Преподобие еще колебался. Но тут он поднял взгляд на Сигюрдюра Сигюрдарсона и увидел, что у того в глазах сверкнула молния. Сверкнула и погасла.
— Гм. Ну. Да. Мне представляется, что у Рыбопромыслового совета есть основания решительно выразить свое отношение к совершенно непристойной акции, — начал Преподобие. — Я редко читаю газету, в которую сегодня заглянул по чистой случайности. Но поскольку…
аятодумалтыструсил датымолодецхотьитряпкасвиду даведьмыстобойинетакоеразпровернули тывернорешилчтоясобираюсьрассказатьпротуисториюсцерковнымфондом протосостарухойСтиной нуидумайтакдумайдурачок
— …у Рыбопромыслового совета есть все основания одобрить недвусмысленную резолюцию, выражающую полное доверие.
теперьятебяузнаю́ языкхорошоподвешен словнокаквтотразкогдатывыступал припрофессореАусмюндюре теперьправдаужнето фигуройстал
— Поэтому я предлагаю следующий проект резолюции.
приметекакмиленькие давывсеуменяпострунке крометебятряпки ичтотытамнаплелонеобходимостибольшейчестностивобщественныхделах аденежкитопринялсразужетогданарождество
Преподобие закончил выступление.
Члены совета сначала молчали, но когда председатель спросил, есть ли желающие выступить по проекту резолюции, то словно плотину прорвало:
— И чего только эти прихвостни русских себе не позволяют! Подумать только! Нападать на Сигюрдюра Сигюрдарсона! Лить на него грязь! На нашего-то Сигюрдюра! Подумать только! Сволочи какие! Правду о них говорят, они такие. Взять бы их всех да в Сибирь отправить, правильно «Газета» уже не раз призывала. Там им и место. Туда их тянет. Это их земля обетованная. Подумать только! Написать такое о Сигюрдюре, которого наверняка выберут весной в альтинг, если все пойдет по плану. Неслыханная наглость!

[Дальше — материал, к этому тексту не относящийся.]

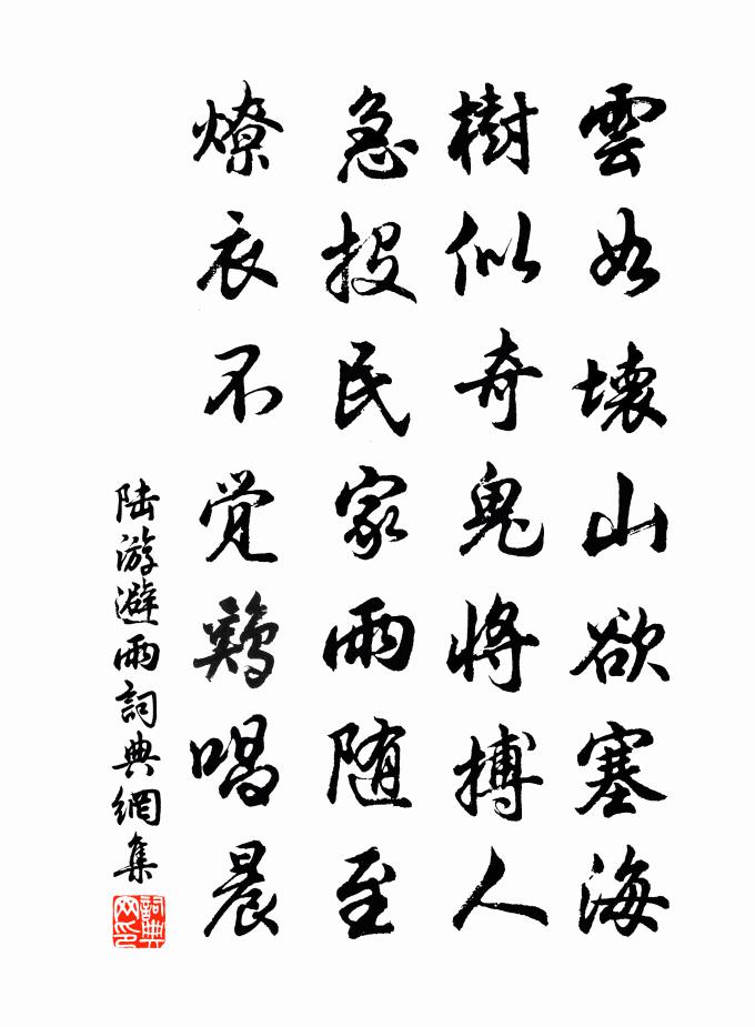 詩詞名句歷史字典書法欣賞書法字典國語詞典說文解字康熙字典古漢語字典標 題 作 者 詩 句 避雨作者:陸游 朝代:宋代避雨原文雲如壞山欲塞海,樹似奇鬼將搏人。急投民家雨隨至,燎衣不覺雞唱晨。詩詞問答問:避雨的作者是誰?答:陸游問:避雨寫於哪個朝代?答:宋代問:陸游的名句有哪些?答:陸游名句大全陸游避雨書法欣賞避雨書法作品詩詞推薦頌古一百則釋正覺〔宋代〕弦筈相銜,網珠相對。發百中而箭箭不虛,攝眾景而光光無礙。得言句之總,持住遊戲之三昧。妙其間也宛轉偏圓次韻范參政書懷陸游〔宋代〕芋栗多儲煮復煨,一塵那許到靈台。虹穿道室爐丹熟,龍吼空山匣劍開。躡屩未成游地肺,掩扉聊欲隱天台。桃花和頓主簿起見贈二首蘇轍〔宋代〕聲病消磨只古文,諸儒經術斗紛紜。不知舊學都無用,猶把新書強欲分。老病心情愁見敵,少年詞氣動乾雲。搜賢古意題徐令壁(一作題著作令壁)陳子昂〔唐代〕白雲蒼梧來。氛氳萬里色。聞君太平世。棲泊靈台側。滄浪亭有感二首錢時〔宋代〕莫倚危欄學凍吟,英雄到此淚沾襟。紛紛只解毛錐子,畢竟何人辦赤心。歲晚書事十首劉克莊〔宋代〕荒苔野蔓上籬笆,客至多疑不在家。病眼看人殊草草,隔林迢遞見梅花。雪晴二首白玉蟾〔宋代〕早上新鶯語尚蠻,花無氣力倚雕欄。幸蒙殘雪回頭早,又遣東風薄倖寒。香橘二首李石〔宋代〕千林獨覺一林芳,稼碧攙先送曉光。魯酒未妨杯雪冷,麝蘭半雜袖風香。顏闔蘇軾〔宋代〕顏闔古有道,躬耕自衣食。區區魯小邦,不足隱明德。軺軒來我門,聘幣繼金璧。山門應使者,耕稼不謀國。但疑送成都卒黎德升赴召崔侍郎薦士召者五人三首程公許〔宋代〕憶侍西征幕,叢談夜達晨。別來青鬢換,喜見此泥新。宸極拱朝幘,曉星看蜀珍。一朝樓五鳳,積憤洗峨岷。和簡叔孫應時〔宋代〕綠陰庭戶自生香,燕子飛來話日長。正有清風便午枕,更無塵夢到禪房。寄題程元成紛事山居三詠葵心堂楊萬里〔宋代〕人笑戎葵定自痴,不愁曦景蠶兼遲。便令隔霧光難到,也則傾心苦為誰。衛足平生非我志,向陽一點只天知。話頭溪館二首蔣堂〔宋代〕年來納組去,林下得身還。泚泚清流處,重重碧樹間。淵魚樂且靜,庭鶴壽而間。粗有淮安趣,誰同賦小山。問天皎然〔唐代〕天公何時有,談者皆不經。誰道賢人死,今為傅說星。和東林湛堂禪師喜雪韻五首袁燮〔宋代〕去歲寒雲久積陰,四郊雪片臘中深。今年一稔民安業,老守區區慰此心。游龍門歸韓維〔宋代〕洛浦殘芳盡,來尋關塞春。青林橫石閣,翠壁涌金人。澗草薰衣晚,松風落面新。愁驅向城騎,還踏九衢塵。人月圓 寄 源芝田禪師 北曲聊樂府前集今張可久〔元代〕龍湫山上雲屯寺,別是一乾坤。檜參百丈,雪深半尺,梅瘦三分。幾時親到,松邊弄水,月下敲門。相思無奈,煙劉侍讀見和山邸十篇重申此贈李嶠〔唐代〕神岳瑤池圃,仙宮玉樹林。乘時警天御,清暑滌宸襟。梁駕陪玄賞,淄庭掩翠岑。對岩龍岫出,分壑雁池深。檐迥太常樂章三十首其七酌獻第三室奏大順之舞曲楊億〔宋代〕明明我祖,積德累仁。居晦匿曜,邁種惟勤。帝圖天錫,輝光日新。寢廟繹繹,昭事同寅。九日無菊李新〔宋代〕芳物及時難,良辰曠野歡。古園荒草莽,秋雨禿闌乾。香桂風流減,戲萸氣味單。書紳懲淡飲,活取宿根寒。名句推薦提出西方白帝驚,嗷嗷鬼母秋郊哭。李賀《春坊正字劍子歌》 奸巧語,穢污詞。市井氣,切戒之。李毓秀《弟子規·信》 坐上別愁君未見,歸來欲斷無腸。蘇軾《臨江仙·送王緘》 淅淅西風淡淡煙,幾點疏疏雨。葛立方《卜運算元·席間再作》 鄉書不可寄,秋雁又南回。韋莊《章台夜思》 有客躊躇,古庭空自吊孤影。史達祖《齊天樂·中秋宿真定驛》 風急天高猿嘯哀,渚清沙白鳥飛回。杜甫《登高》 將軍玉帳貂鼠衣,手持酒杯看雪飛。劉基《北風行》 我未成名卿未嫁,可能俱是不如人。羅隱《贈妓雲英 / 嘲鍾陵妓雲英》 風起,雪飛炎海變清涼。蘇軾《定風波·南海歸贈王定國侍人寓娘》

— Не будем распаляться, — говорит Сигюрдюр Сигюрдарсон, директор школы, председатель магистрата, библиотекарь, заместитель депутата альтинга и председатель Рыбопромысловой компании. — Как всегда, творящие несправедливость сами же от нее и пострадают. Ибо, как учит величайший из пророков, сам Моисей, в своих книгах: «Проклят, кто тайно убивает ближнего своего!» А в другом месте он говорит: «Проклят, кто берет подкуп, чтобы убить душу и пролить кровь невинную».